The severe drought across southern Australia, the backdrop to this week's fires, has been accompanied by a run of three positive dipoles. The researchers believe this is why the La Nina event in the Pacific in 2007-08, which traditionally brings rain, was unable to break the drought. Three consecutive positive cycles is unprecedented, Ummenhofer said. Whether this is linked to human-induced climate change needs further investigation, the researchers say. And the El Nino-La Nina cycle of warm and cool atmospheric phenomena in the Pacific will still have a major influence over Australia's climate, even though not as much as previously thought.

Another, separate force driving weather patterns in southern Australia is the haze of air pollution over Asia. The aerosol haze, a stew of industrial output, fires, exhaust fumes, dust and plankton respiration, cools Asia, acting like a shield for the sun's heat and keeping much of Asia a degree or two cooler than it would otherwise be. This can actively force changes in wind and ocean currents by changing the distribution of solar heat on the Earth's surface, said the lead researcher, Dr Leon Rotstayn, of the CSIRO's Marine and Atmospheric team.

The aerosol haze forces more heat into the monsoon winds which douse Australia's north-west. But it also contributes to a build-up of high pressure which may contribute to less rainfall across southern Australia, according to new research released by the CSIRO and the Bureau of Meteorology.

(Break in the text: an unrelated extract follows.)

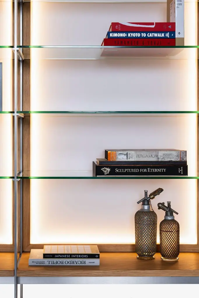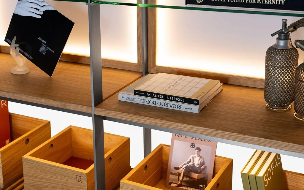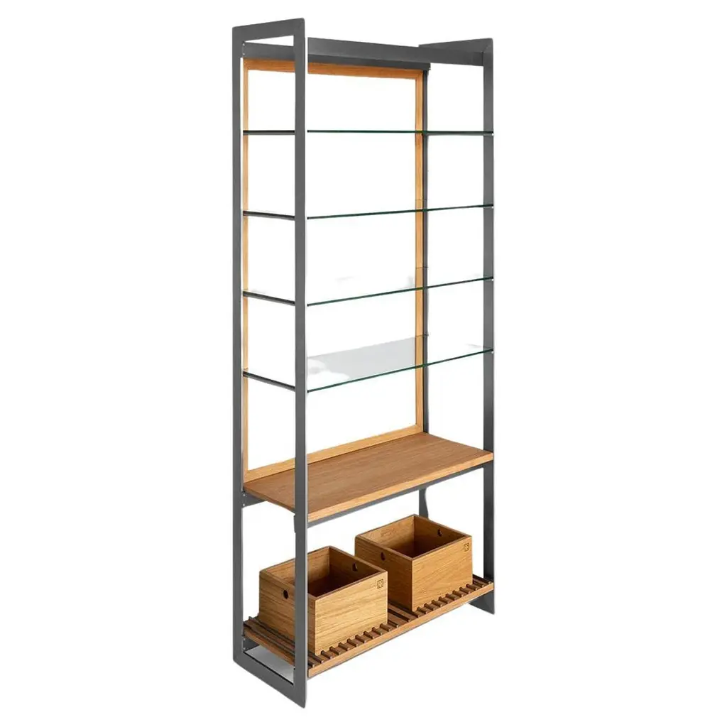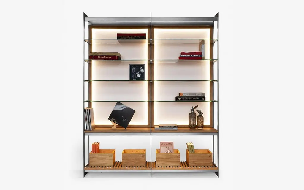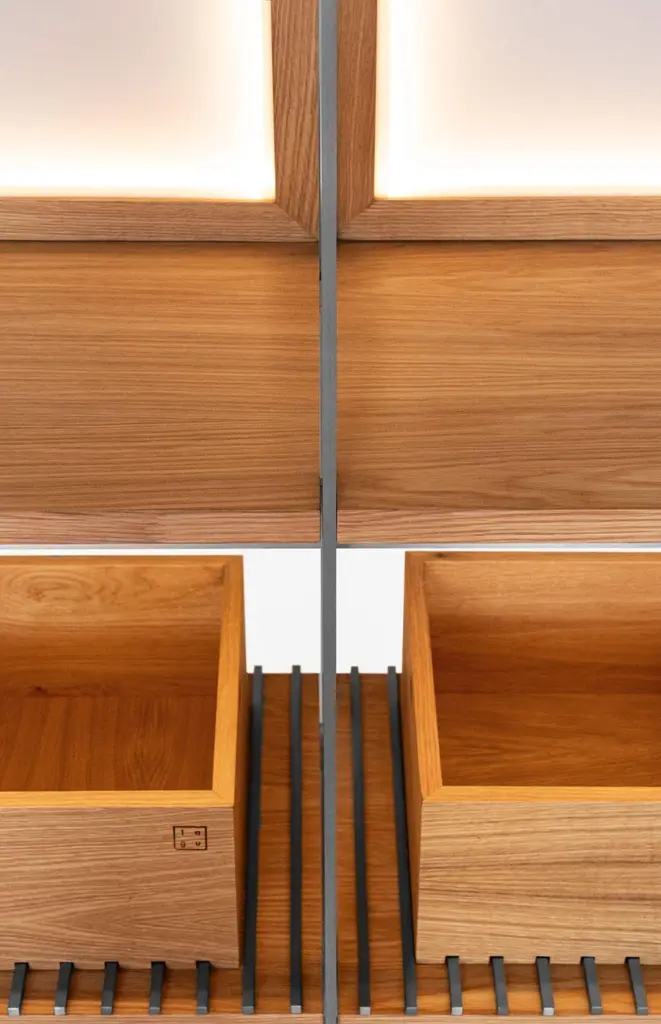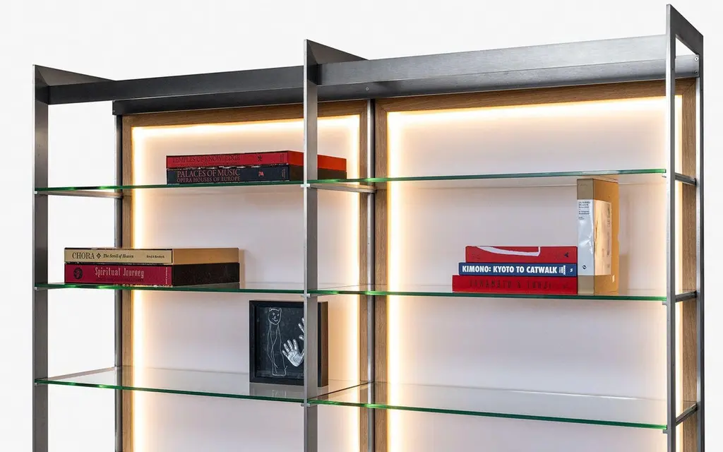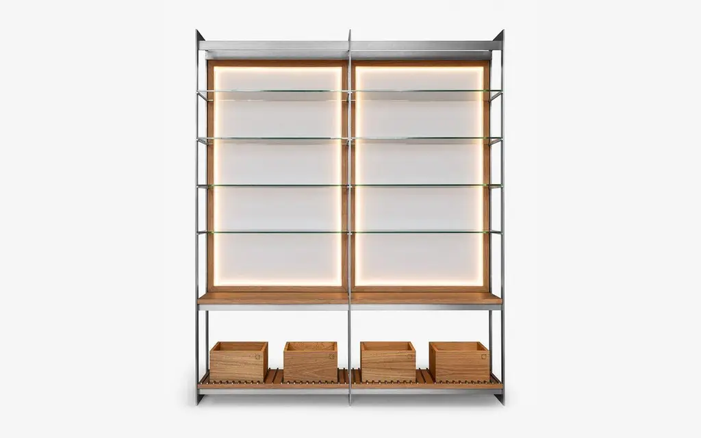 - LED illuminated back panel- Natural oak veneer shelves- Natural oak veneer removable storage cases- Robust metal frame

Human-induced climate change, while separate to these overlapping forces, has the power to exacerbate them. CSIRO's Dr Penny Whetton says the long-term trend in Australia includes about 0.9 of a degree warming through the 20th century. Australia is looking at a warming of about 1 degree by 2030 and 1.5 to 4-5 degrees by 2070 unless greenhouse gas emissions are reduced.

"You can't say we expected a 46 degree day in Melbourne this year but we would expect that it is getting increasingly easy to set new records compared to the past because of the underlying warming trend that's occurring," Whetton said.

The causes for the big dry over southern Australia are, she says, more complicated.

"The drying trend over the last 10 to 12 years is consistent with the rainfall change we are projecting using climate models. It's actually a more severe decrease than the models are projecting. At the moment it's too early to say whether its climate change-related. In all likelihood it's some combination of some influences of long-term climate change and natural fluctuations of the climate system."

Whatever the immediate causes of the bushfires, for many Australians it is a reminder of the potential risks of uncontrolled climate change.

As the Climate Change Minister, Penny Wong, put it last year,"As one of the hottest and driest continents on earth, Australia's economy and environment will be one of the hardest and fastest hit by climate change if we don't act now."